Evaluation of Mitigation Strategies: Demonstrated that stronger safety filters (DALL·E 3) do not necessarily lead to more inclusive outcomes; they can shift biases rather than eliminate them, sometimes exacerbating negative framing for specific groups (mental health).
Methodological Insight: Highlighted the limitations of purely automatic sentiment analysis (which relies on facial cues) versus human evaluation (which captures atmospheric and contextual framing). The study argues for a hybrid evaluation approach.
Technoableism in AI: Validated the concept of "technoableism" in generative AI, showing how models treat disability as a visual problem to be managed (e.g., via wheelchairs) or a source of negative affect (e.g., mental illness), rather than a diverse human experience.

5. Significance and Implications

For Model Developers: The findings suggest that "safety" filters and mitigation strategies must be carefully tuned to avoid creating new stereotypes. Diversifying outputs for one group (physical disability) may inadvertently harm the representation of another (mental health).
For AI Fairness: The study underscores that disability representation is not monolithic.
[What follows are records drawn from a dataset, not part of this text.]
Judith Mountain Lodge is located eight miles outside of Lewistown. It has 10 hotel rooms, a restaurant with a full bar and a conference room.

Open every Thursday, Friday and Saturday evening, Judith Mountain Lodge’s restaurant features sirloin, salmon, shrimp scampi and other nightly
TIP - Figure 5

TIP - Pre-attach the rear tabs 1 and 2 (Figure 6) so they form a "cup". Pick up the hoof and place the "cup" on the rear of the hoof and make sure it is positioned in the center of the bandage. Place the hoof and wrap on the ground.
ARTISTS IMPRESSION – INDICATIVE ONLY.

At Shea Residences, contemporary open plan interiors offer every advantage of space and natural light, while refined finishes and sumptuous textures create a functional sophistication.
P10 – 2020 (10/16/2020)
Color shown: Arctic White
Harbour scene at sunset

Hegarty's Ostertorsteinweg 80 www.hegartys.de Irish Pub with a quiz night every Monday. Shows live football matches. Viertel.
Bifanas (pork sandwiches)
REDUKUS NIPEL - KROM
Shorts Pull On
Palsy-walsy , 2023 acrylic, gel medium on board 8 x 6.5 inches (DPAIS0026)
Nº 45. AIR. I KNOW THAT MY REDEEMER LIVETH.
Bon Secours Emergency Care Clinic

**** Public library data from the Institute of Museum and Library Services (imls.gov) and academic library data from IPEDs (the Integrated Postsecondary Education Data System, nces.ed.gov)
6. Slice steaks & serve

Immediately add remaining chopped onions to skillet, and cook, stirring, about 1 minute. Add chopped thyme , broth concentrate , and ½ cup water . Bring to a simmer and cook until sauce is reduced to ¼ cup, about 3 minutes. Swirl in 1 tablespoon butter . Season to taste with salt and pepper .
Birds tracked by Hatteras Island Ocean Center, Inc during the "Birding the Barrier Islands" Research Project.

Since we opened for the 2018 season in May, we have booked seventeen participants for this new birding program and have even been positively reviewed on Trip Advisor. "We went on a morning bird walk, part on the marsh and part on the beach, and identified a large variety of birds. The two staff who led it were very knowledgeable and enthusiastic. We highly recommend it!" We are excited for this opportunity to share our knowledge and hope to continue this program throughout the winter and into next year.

Models must be evaluated across a spectrum of disability types, not just the most visually obvious ones.
Future Directions: The authors call for:
- Involving people with disabilities (PwD) in the evaluation process.
- Expanding analysis to include Assistive Technology (AT) representation.
- Investigating intersectional biases (disability + race/gender).
- Developing evaluation metrics that capture contextual and atmospheric framing, not just object detection or facial expression.

In conclusion, the paper reveals that while T2I models are improving in quality, they currently reinforce harmful, monolithic stereotypes of disability. Crucially, technical mitigation strategies alone are insufficient and may introduce new, subtle forms of bias that require human-in-the-loop evaluation to detect.